How To Prevent Thrips on Indoor Plants?
We’ve talked about how to kill thrips indoors. But let’s see how to prevent these pests from infesting your indoor plants in the first place. Follow these steps to prevent a thrips infestation:
- Inspect new plants: Before you bring new plants home, inspect them carefully for pests. If you find any, either don’t take the plant or keep it quarantined away from your nearby plants.
- Remove dead foliage: The female thrips often tend to breed on dead leaves, plant debris, and weeds. Removing these breeding grounds will be a good idea.
- Cover soil with a reflective surface: Covering the soil around the plant with a reflective surface deters thrips from landing on the plant by disorienting them. In case you are expecting a thrips infestation, placing a piece of foil on the soil might help.
Besides these, also inspect your plants often to ensure they are free of thrips. Make sure to check the undersides of leaves, too, as thrips tend to lay their eggs there.

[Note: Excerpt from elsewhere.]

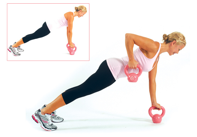 إتخذي وضعية البلانك وارتكزي على الأوزان التي تحمليها بين يديك. إرفعي جسمك عن الأرض كما في الصورة وحافظي على جسمك خطاً مستقيماً. في الحركة التالية، إثني ذراعك اليمنى أو اليسرى وارفعيها الى الخلف على مستوى الصدر كما في الصورة. أخفضي يدك مجدداً بهدوء لتعودي لوضعية البدء.

Frequently asked questions
How do you get rid of thrips forever?
Honestly, you can’t. Thrips may attack your plant again in the future after you clear an infestation. The only way to ensure thrips won’t attack your plants again is to take preventive measures.
How does cinnamon get rid of thrips?
Pests such as thrips aren’t a fan of the strong smell of cinnamon. Hence, using cinnamon can help drive them off your plants or keep them away. Moreover, research has shown that orange and cinnamon essential oil can also kill thrips.
How does dish soap get rid of thrips?
We aren’t sure how dish soap helps get rid of thrips or plant-eating pests in general, although it has indeed proven to be effective. Researchers believe that soap kills pests by destroying their cuticles or other protective layers and causing them to dry out.
Well, now you know how to treat thrips and keep your plants safe from them. While outdoor plants are especially vulnerable, your indoor houseplants may fall victim to thrips infestations, too, if you aren’t careful.
When you notice any signs of thrips on your plants, work on getting rid of them immediately. You wouldn’t want to allow them time to breed and multiply, would you?